Caru Brandi inaugura exposição sobre dissidência de gênero no Catete
Exposição de Caru Brandi aborda dissidência de gênero no Catete

Exposição de Caru Brandi no Catete aborda dissidência de gênero com obras visuais

O artista transmasculino não-binárie Caru Brandi inaugurou nesta quinta-feira (5) a exposição Fabulações transviadas de Caru Brandi no Centro Nacional de Folclore e Cultura Popular (CNFCP/Iphan), localizado no bairro do Catete, Rio de Janeiro. Com entrada gratuita, a mostra representa um marco histórico como a primeira individual de um artista transmasculino não-binárie no Programa Sala do Artista Popular (SAP), que completa 43 anos de existência.

Obras que desafiam dicotomias estabelecidas

Caru Brandi, natural de Porto Alegre, apresenta uma coleção de pinturas e cerâmicas figurativas que retratam, de forma lúdica e crítica, a dissidência de gênero. As obras, que estão todas disponíveis para venda, apresentam seres híbridos e oníricos com poses, posturas e expressões curiosas, realçadas por cores intensas que capturam a atenção do público.

"Ao retratar esses seres que desafiam dicotomias estabelecidas, do que é humano, do que é a natureza, o que é homem, o que é mulher, a exposição abraça dicotomias, no caso da arte", analisa Patrick Monteiro do Nascimento Silva, antropólogo responsável pela pesquisa e texto do catálogo da exposição.

Contexto histórico e institucional

A mostra ocorre em um momento significativo para as políticas culturais brasileiras. O Instituto do Patrimônio Histórico e Artístico Nacional (Iphan) instituiu recentemente o Grupo de Trabalho LGBTQIAPN+ através da Portaria nº 260 de 27 de junho de 2025, com o objetivo de:

  • Fomentar parcerias com entidades governamentais e não-governamentais
  • Potencializar políticas públicas de preservação da memória LGBTQIAPN+
  • Formular proposta para criação de Comitê Permanente do Patrimônio LGBTQIAPN+
  • Garantir o direito à memória e salvaguarda do patrimônio cultural deste segmento

Trajetória pessoal e artística de Caru Brandi

Nascido em 07 de janeiro de 1995 em Porto Alegre e criado na zona rural de Viamão, Caru Brandi descobriu sua expressão artística inicialmente através da tatuagem em 2018. Em 2020, começou a pintar e, em 2022, expandiu sua produção para cerâmicas e esculturas. Formado em Direito pela UFRGS, o artista nunca exerceu a profissão, dedicando-se integralmente à arte-educação e produção visual.
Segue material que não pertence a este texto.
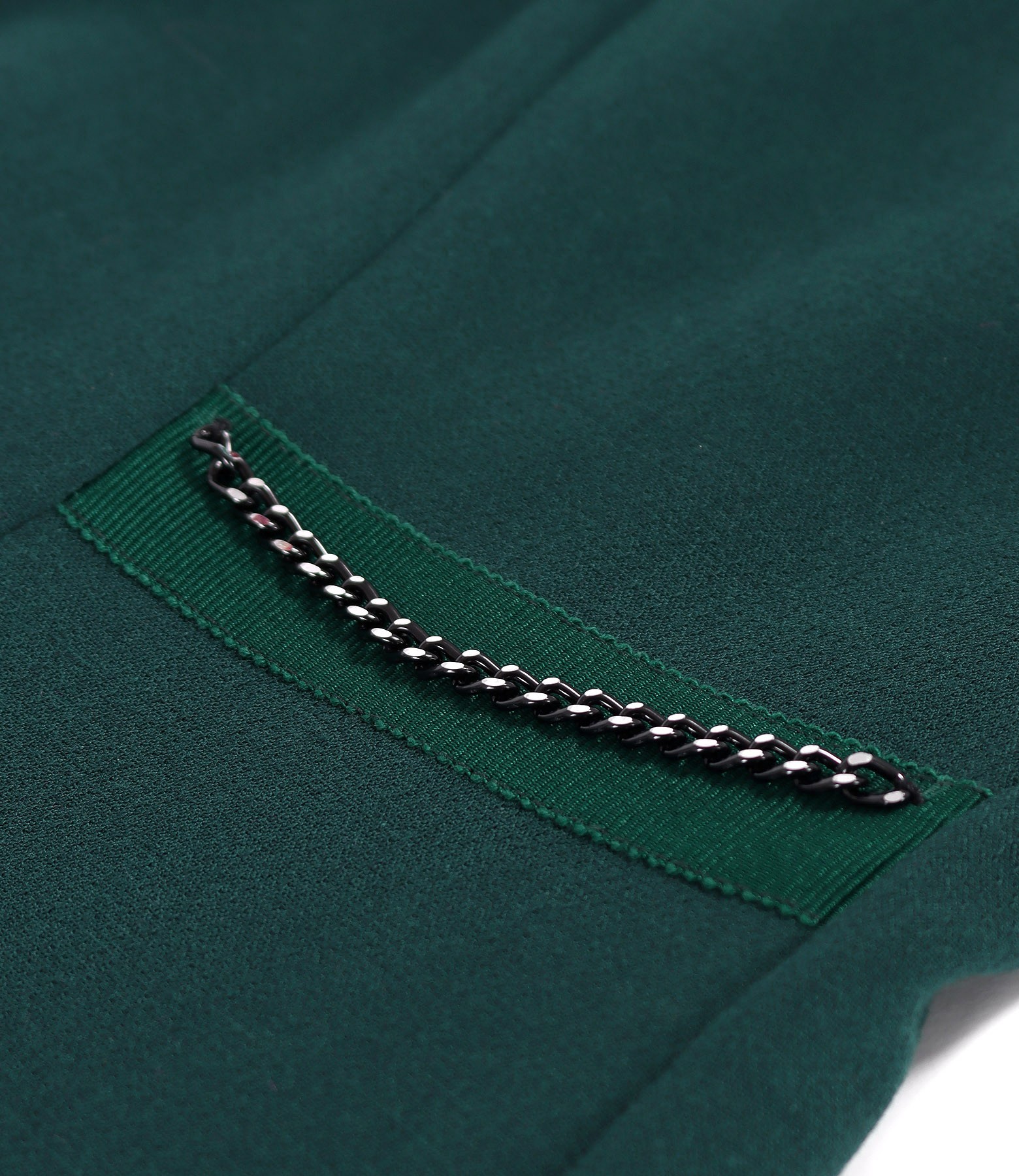Rochie office evazata din stofa elastica cu viscoza, captusita, cu maneci 3/4, decolteu rotund si lant decorativ cu rips in talie. Se inchide cu fermoar ascuns pe mijloc spate.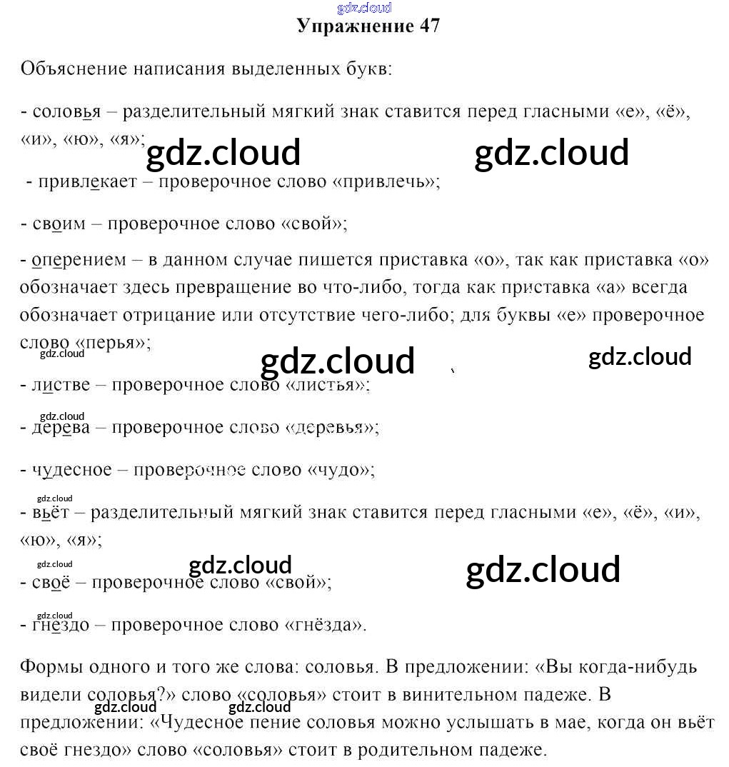 Ответ на задание упр. 47 Учебник Русский язык за 4 (четвертый) класс Антипова, Верниковская, Грабчикова 2018 Часть 1, 2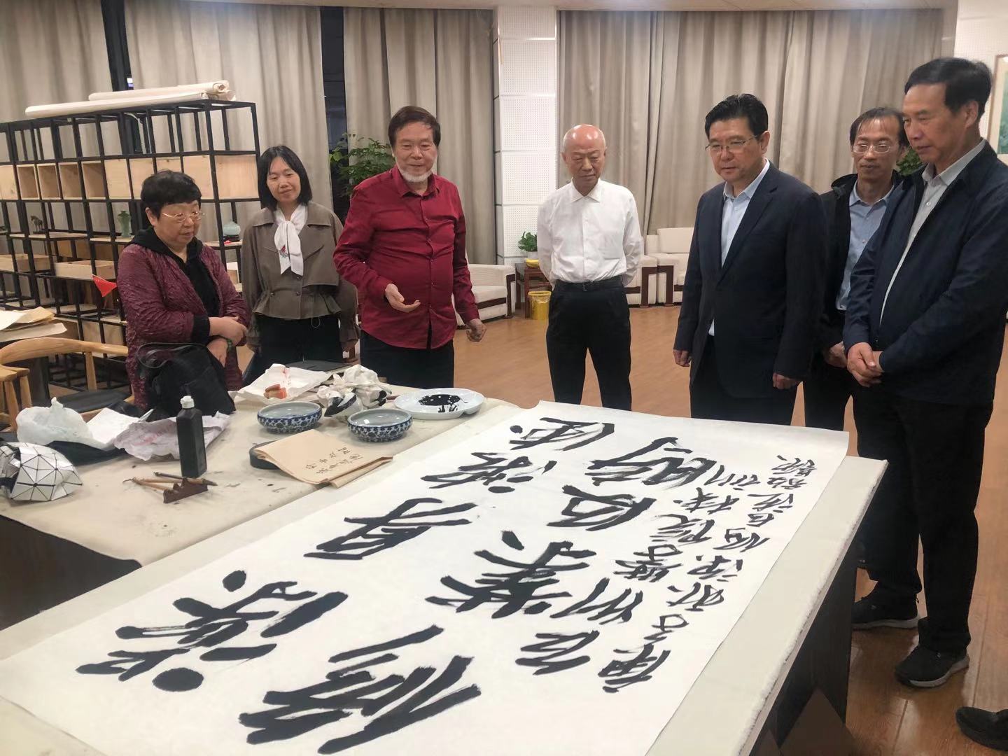 何水法先生一行先是饶有兴趣地参观了国家级非物质文化遗产仙居无骨花灯和张秀娟的剪纸艺术,然后到音乐厅演唱歌曲,现场体验音乐厅的舞台效果。在书画研修室,客人们与校领导进行了热情友好的交谈,何水法先生还即兴为学校题写了“澡身浴德,修业及时”八个大字,笔法行云流水,苍劲有力,充分肯定了艺术与设计学院的教学理念与发展方向。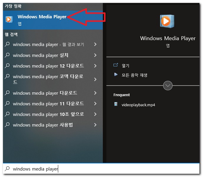가장 정확한 앱에 윈도우 미디어 플레이어가 나타나면 선택한다.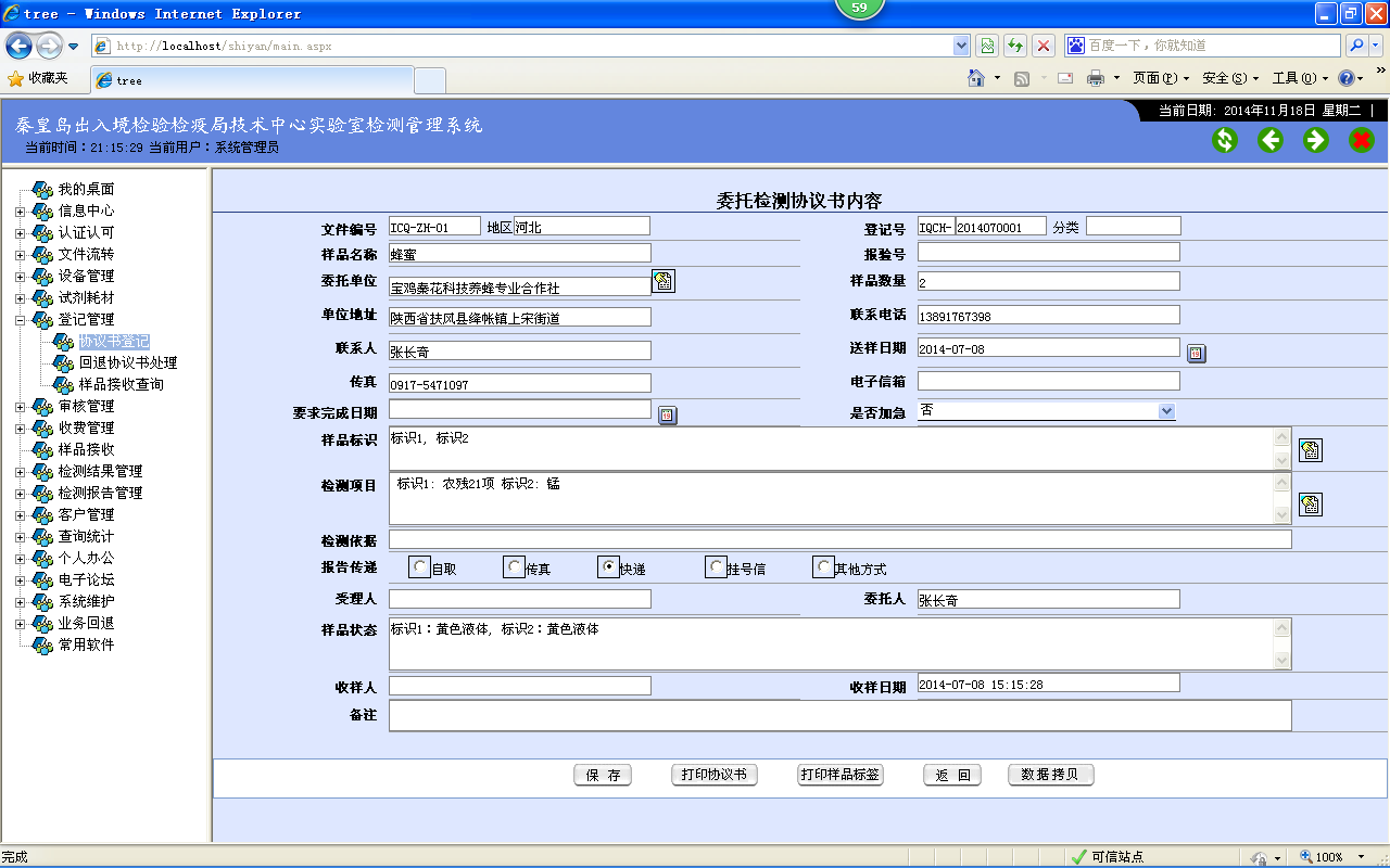 (1)基本信息:包括登记号、样品总称、报验单位和编号、送检部门、联系人、联系电话、传真、电子邮箱、要求完成日期、是否加急、收样日期、收样人、备注等信息。

Um momento crucial em sua trajetória ocorreu durante a pandemia de coronavírus, quando iniciou a terapia hormonal com testosterona. "É um momento que eu começo a me hormonizar (...), a aplicar testosterona no meu corpo. E diferente de algumas narrativas que eu tinha, de algumas transmasculinidades (...). No lugar de uma representação desses corpos, [há] essa busca por uma identidade para mim também", relata o artista no catálogo da exposição.

Processo criativo e influências

A série Transviades, criada em 2020, gira em torno de aspectos da transição de gênero e apresenta formas com proporções que não seguem compromissos realistas das partes do corpo. Segundo o pesquisador Patrick Silva, essa abordagem representa uma crítica social aos olhares dirigidos ao corpo dissidente.

Caru Brandi explica sua perspectiva: "O que a pessoa olha para quando ela tá olhando para você? Ela quer saber quem você é, se você é um homem, se você é mulher, ela olha para o seu corpo. (...) Pensar em desafiar isso".

Entre suas inspirações, o artista cita Ailton Krenak, autor e ativista indígena, para refletir sobre o conceito de "humano" e a invenção colonial desta categoria, além da obra de Rosana Paulino. Sua viagem a Belém do Pará, terra natal de sua mãe, também influenciou sua busca por ancestralidade e conexão com raízes indígenas e negras.

Informações práticas

A exposição Fabulações transviadas de Caru Brandi permanece aberta ao público até 22 de abril no Centro Nacional de Folclore e Cultura Popular, localizado na Rua do Catete, 179, no bairro do Catete, Rio de Janeiro. O horário de funcionamento é:

  1. Terça a sexta-feira: das 10h às 18h
  2. Sábados, domingos e feriados: das 11h às 17h

A realização é da Associação Cultural de Amigos do Museu do Folclore Edison Carneiro (Acamufec) em parceria com o Centro Nacional de Folclore e Cultura Popular do Instituto de Patrimônio Histórico e Artístico Nacional (CNFCP/Iphan).